---------- Supplied material ----------

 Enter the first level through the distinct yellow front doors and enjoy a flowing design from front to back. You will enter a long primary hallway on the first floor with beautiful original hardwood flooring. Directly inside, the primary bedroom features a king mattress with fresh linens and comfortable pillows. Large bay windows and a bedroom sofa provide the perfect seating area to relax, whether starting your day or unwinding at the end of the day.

----------
---------- Supplied material ----------

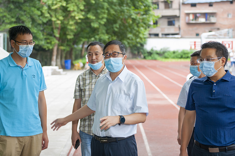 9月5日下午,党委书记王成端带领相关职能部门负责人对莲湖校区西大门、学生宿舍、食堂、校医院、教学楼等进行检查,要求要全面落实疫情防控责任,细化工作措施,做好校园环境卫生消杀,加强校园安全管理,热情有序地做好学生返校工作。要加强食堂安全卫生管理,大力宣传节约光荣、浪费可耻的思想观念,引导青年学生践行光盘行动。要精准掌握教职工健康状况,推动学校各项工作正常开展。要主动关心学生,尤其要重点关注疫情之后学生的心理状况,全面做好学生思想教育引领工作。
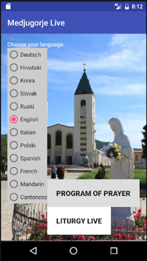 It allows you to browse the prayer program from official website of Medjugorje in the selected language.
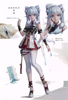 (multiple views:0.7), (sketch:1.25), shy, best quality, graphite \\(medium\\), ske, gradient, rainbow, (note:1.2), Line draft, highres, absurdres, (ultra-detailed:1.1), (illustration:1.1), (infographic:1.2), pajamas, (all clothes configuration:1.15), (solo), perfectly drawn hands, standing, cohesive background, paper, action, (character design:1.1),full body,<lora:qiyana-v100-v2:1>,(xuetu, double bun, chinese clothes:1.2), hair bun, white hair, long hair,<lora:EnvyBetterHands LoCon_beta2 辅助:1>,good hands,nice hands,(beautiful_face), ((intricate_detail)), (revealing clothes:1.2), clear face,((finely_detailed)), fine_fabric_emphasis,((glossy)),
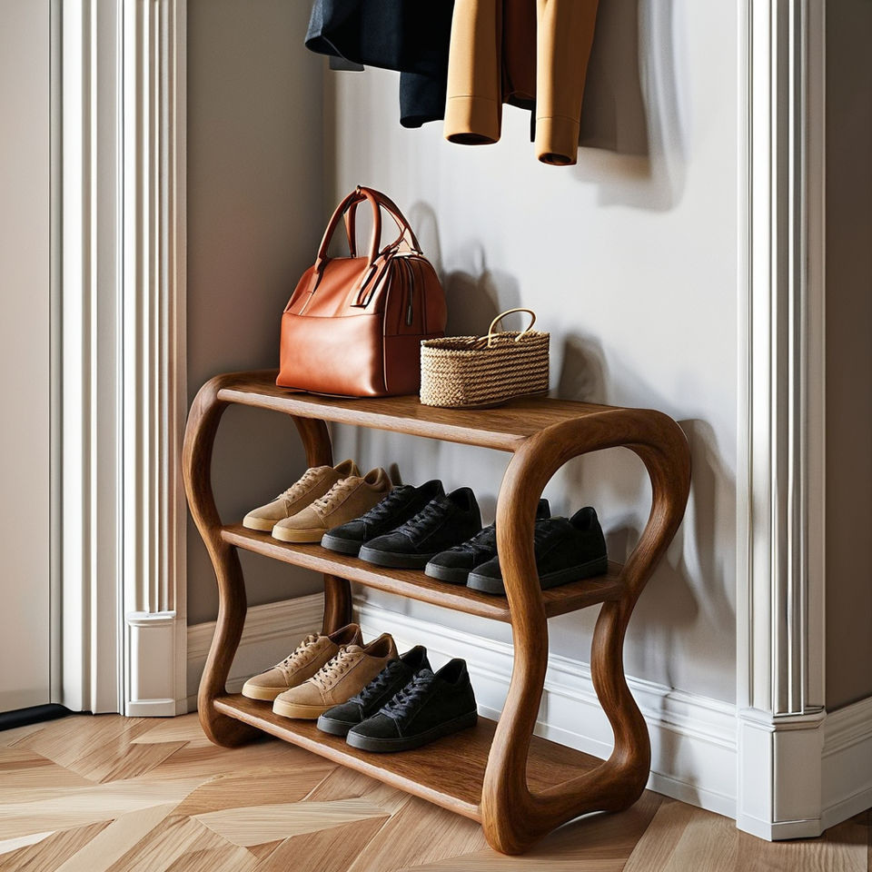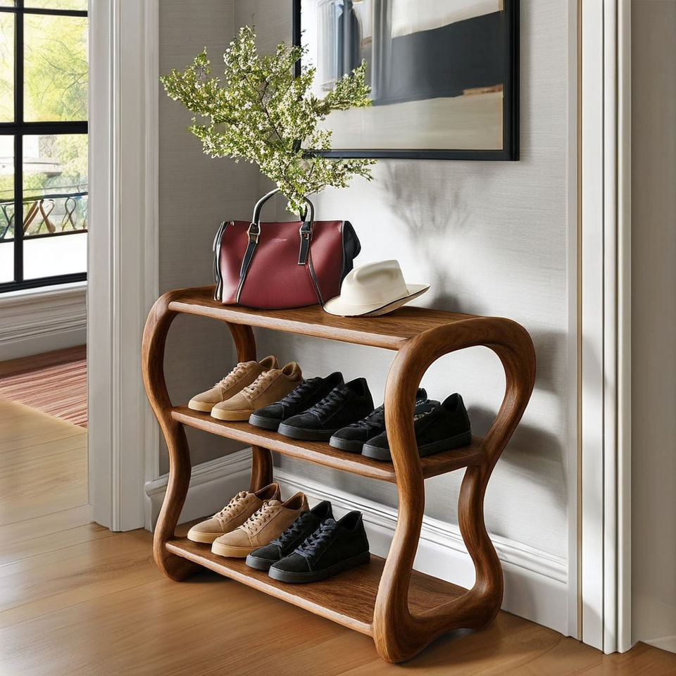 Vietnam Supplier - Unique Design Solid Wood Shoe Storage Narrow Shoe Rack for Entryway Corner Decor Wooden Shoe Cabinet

----------

Assignment
Beginning with the line that contains "(multiple views:0.7), (sketch:1.25), shy, best" and ending with the line that contains "Vietnam Supplier - Unique", reproduce the listing exactly, pictures excluded.

Result of the task
 (multiple views:0.7), (sketch:1.25), shy, best quality, graphite \\(medium\\), ske, gradient, rainbow, (note:1.2), Line draft, highres, absurdres, (ultra-detailed:1.1), (illustration:1.1), (infographic:1.2), pajamas, (all clothes configuration:1.15), (solo), perfectly drawn hands, standing, cohesive background, paper, action, (character design:1.1),full body,<lora:qiyana-v100-v2:1>,(xuetu, double bun, chinese clothes:1.2), hair bun, white hair, long hair,<lora:EnvyBetterHands LoCon_beta2 辅助:1>,good hands,nice hands,(beautiful_face), ((intricate_detail)), (revealing clothes:1.2), clear face,((finely_detailed)), fine_fabric_emphasis,((glossy)),
 Vietnam Supplier - Unique Design Solid Wood Shoe Storage Narrow Shoe Rack for Entryway Corner Decor Wooden Shoe Cabinet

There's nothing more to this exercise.